誰也沒有說話,兩條船不多會便到了河中央,因是人工河,水流平穩無波,不會有什麼危險。

等趙淑追過來時,兩人的船已經到了對岸。

上岸後,永王走在前面,孫雲緊跟其後,保持着不遠不近的距離,而福伯和半束等人很有眼力見的遠遠跟着。

走了片刻,便已進山谷,沿着山谷的羊腸小路,才能上山,突然,永王道:“帶你來,是不想你誤會。”

孫雲一愣,“誤會?”

“恩,本王不善言辭,不會解釋,你與阿君關係莫逆,日後事事你把關即好,今日有人約我到楓山見最後一面,我本不欲來,但又恐往後生變故。”

說罷,他頓了一下,又接着說:“本王想,你既是本王未來的王妃,事事自然是要同心協力,我聽你的便是。”

“啊?”孫雲其他的都沒聽到,就聽到永王說‘我聽你的便是。’

永王說了一大通,得不到迴應,他停住腳步,然而孫雲卻還沉浸在方纔那句話所帶來的甜蜜中,沒看到他停下,整個人便撞上了永王的後背。

永王渾身一震,然而不等他反應,孫雲便彈開了,還腳下踉蹌摔了一跤。

半束等人跟得遠,想救已是來不及,永王回頭順手就拉了一把。

四目相對,孫雲一顆心彷彿要跳出來了般,她忙低下頭,與執掌孫家之時簡直判若兩人。

“疼嗎?”永王問。

男人三十一枝花,永王殿下五官俊美,氣質出衆,在這漫天紅葉的楓山腳下,一襲白衣,猶如謫仙般令人移不開眼。

孫雲飛快的搖頭,“不疼。”

“你走我身側,便不會撞到了。”永王說。

孫雲又懵了,她擡起頭,不明所以的‘啊’了一聲,然後小碎步移動到永王身側,還嬌羞的對着永王咧嘴一笑。
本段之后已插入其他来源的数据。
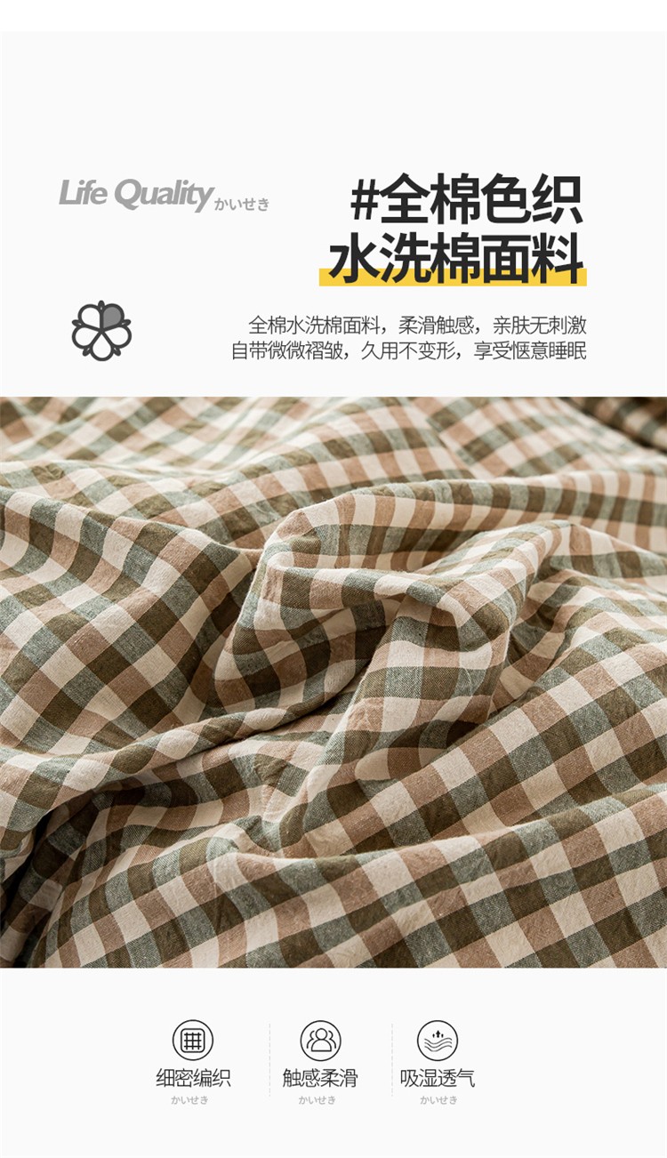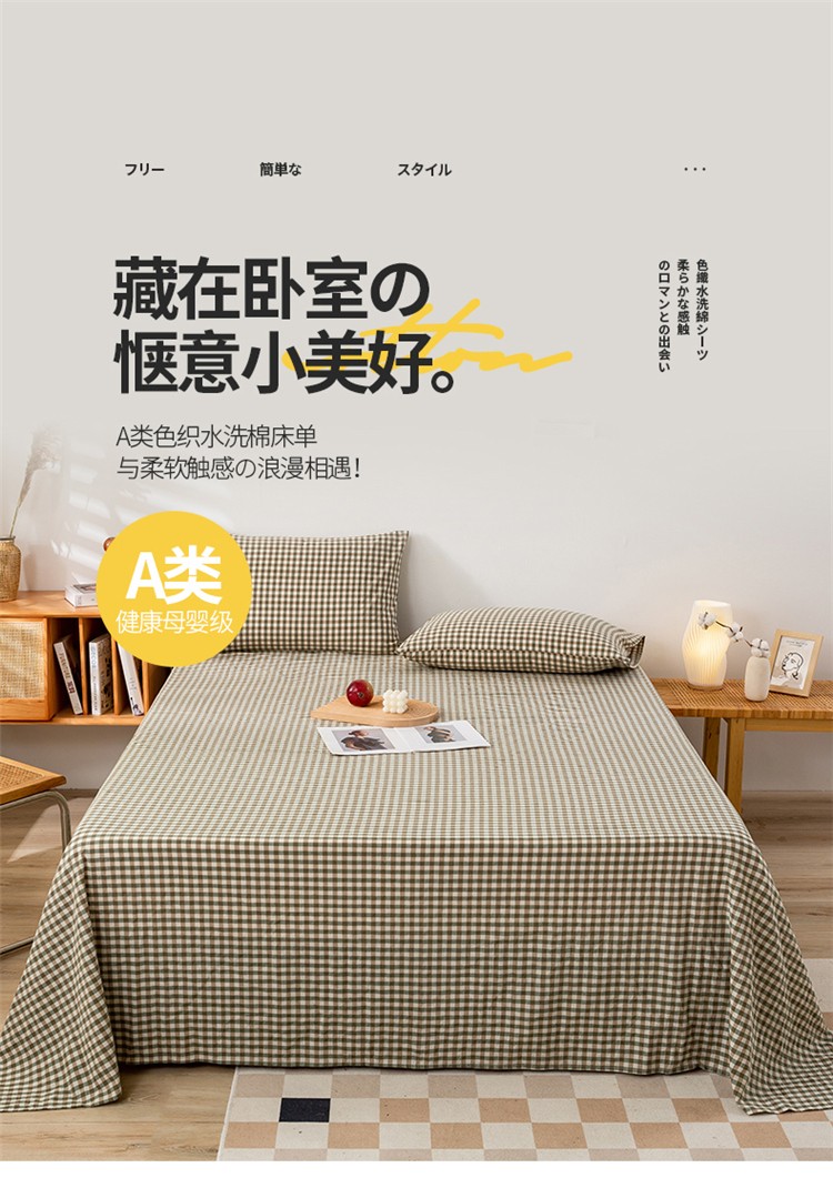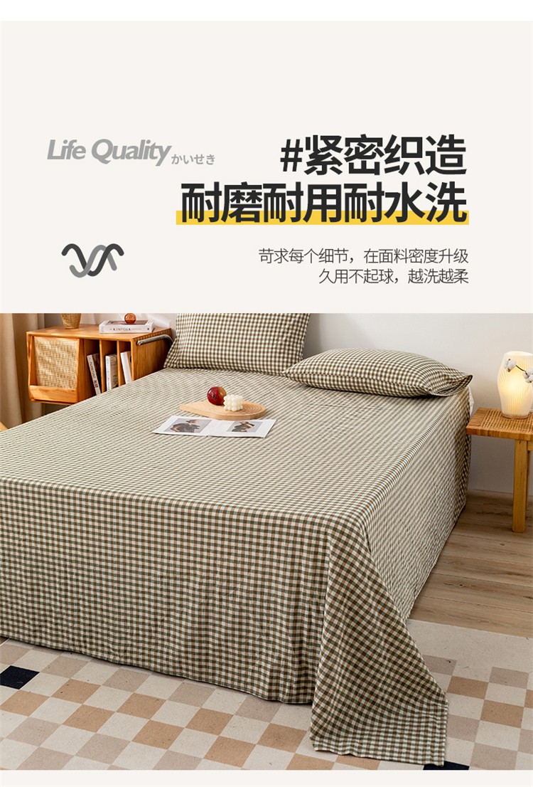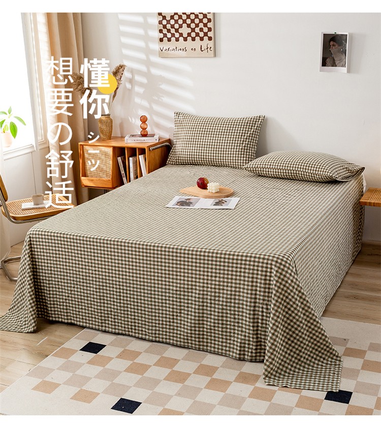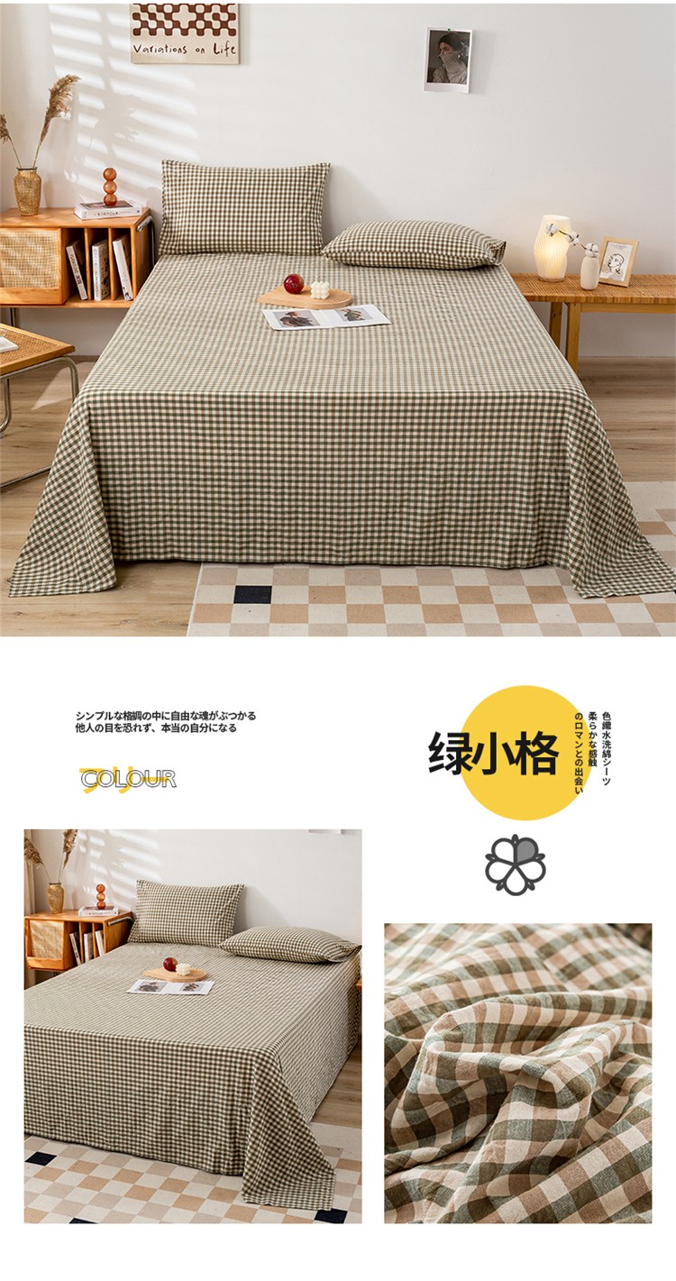 九沐良品 新款A类色织水洗棉床单 绿小格

眉眼彎彎,就算輕紗遮面看不清臉,也掩保住天生麗質美麗不可方物。

走到陡坡的時候,永王走得快些,孫雲便拼命的緊跟,有時候甚至會小跑。

永王餘光看到她提裙小跑,便放慢了腳步,並伸出手,“拉着我,會不那麼累。”

快穿法則:腹黑男神,強勢寵 孫雲盯着永王修長好看的手,噎了噎口水,然後在心裏唾棄自己好色,但……還是飛快的抓住永王的手,任由他牽着上了陡坡。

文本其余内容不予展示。